Wednesday, January 26, 2011

An Israeli Mobile Phone Provider's Hasidic Blues 

An Israeli mobile phone provider is in trouble over an aborted ad campaign aimed at Hasidic and ultra-Orthodox Jews.

Cellcom, the country's most popular mobile carrier, received a rare order from the Israeli Communications Ministry to stop a marketing campaign targeted at haredi (ultra-Orthodox and Hasidic) Jews. The laws of the Middle Eastern country grant the Communications Ministry wide latitude to intervene in the business practices of mobile phone providers.

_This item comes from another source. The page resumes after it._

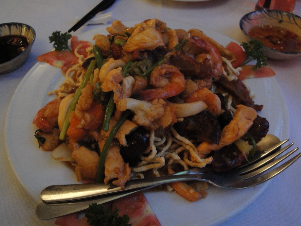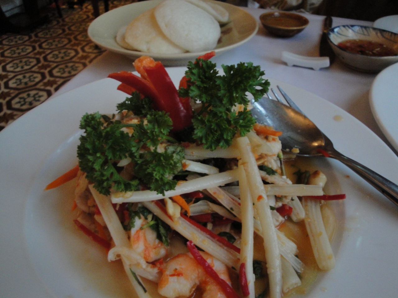 私たちは女性2人で、ゴイクン(海老の生春巻)、かぼちゃの温かいスープ、チキンのサラダ、テンプルクラブ風やきそばを注文。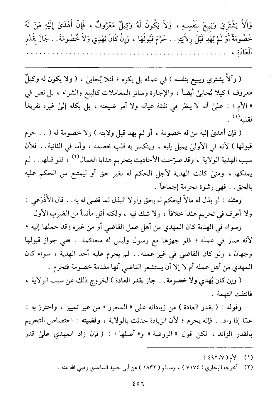 (فإن أهدى إليه من له خصومة، أو لم يهد قبل ولايته) ولا خصومة له ( .. حرم قبولها) لأنه في الأولى يميل إليه، وينكسر به قلب خصمه، وأما في الثانية .. فلأن سبب الهدية الولاية، وقد صرّحت الأحاديث بتحريم هدايا العمال (٢)، فلو قبلها .. لم يملكها، ومتى كانت الهدية لأجل الحكم له بغير حق أو ليمتنع من الحكم عليه بالحق .. فهي رشوة محرمة إجماعًا.

The trouble comes from a price war between Cellcom and Mirs, a smaller mobile carrier with extensive ties to the haredi community. Mirs has become popular among Israel's haredi Jews thanks to their aggressive marketing of kosher phones--inexpensive handsets that are crippled in order to disable their text messaging, voice mail, gaming and application functionality.

While most kosher phones are blocked from accessing the internet entirely, several high-end models permit access to a handful of websites approved by influential haredi rabbis.

In a legal development that would be unlikely to arise in the United States, Mirs filed a cease and desist order against a Cellcom marketing campaign targeting haredi Jews. Surprisingly, the Communications Ministry acted on their behalf and forced Cellcom to end their haredi marketing campaign.

Mirs alleges that Cellcom's intentional poaching of their customers violated Israeli law. According to Gad Perez of the Israeli business daily Globes, “the ministry based its decision on the grounds that if Cellcom had targeted the haredi community as a whole, it would not have intervened, but the direct targeting of Mirs' customers violated the terms of Cellcom's license.” According to a letter sent by Mirs to the Communications Ministry, Cellcom's pricing plans were “predatory.”

Cellcom was offering a highly-discounted package to haredi customers which included 2,000 minutes of airtime a month for US$10, a handset rebate and compensation for any costs incurred by changing carriers.

Israel has approximately 730,000 haredi Jews. Haredi clergy have largely frowned upon the use of mobile phones while accepting them as a necessary evil. One influential rabbi, Ovadiah Yosef of the theocratic-leaning Shas parry, formulated a missive urging yeshiva students to avoid purchasing smartphones:

We heard of small, new devices that let you watch movies and surf the internet, heaven forbid, and reach all sorts of foul places--in one instant a man can stumble and fall, heaven forbid, to the bottom of the pit […] Therefore […] we urge [you] to keep as far away from these dangerous devices as possible, keep restraint and beware.

Other statements made by the sometimes controversial Rabbi Yosef have targeted women, homosexuals, atheists, liberals, Arabs, and Jews of Eastern European descent.

Mirs specifically targeted the haredi community with a series of pricing plans that catered toward members' lifestyles with low monthly subscription fees, cheap extra handsets and free minutes monthly for all family members. Haredi Jews, following the Biblical injunction to “be fruitful and multiply,” traditionally have had large families. A large portion of the Haredi community lives on public assistance, which has also assisted Mirs in market penetration through low-cost, no-frills plans.

Micromarketing of custom-tailored mobile phone plans to specific demographics is common practice in Israel among all mobile providers. These include special phone plans tailored toward soldiers, Arabs and Israelis working in foreign countries.

Cellcom did not incur any fines or penalties due to the Communications Ministry's ruling.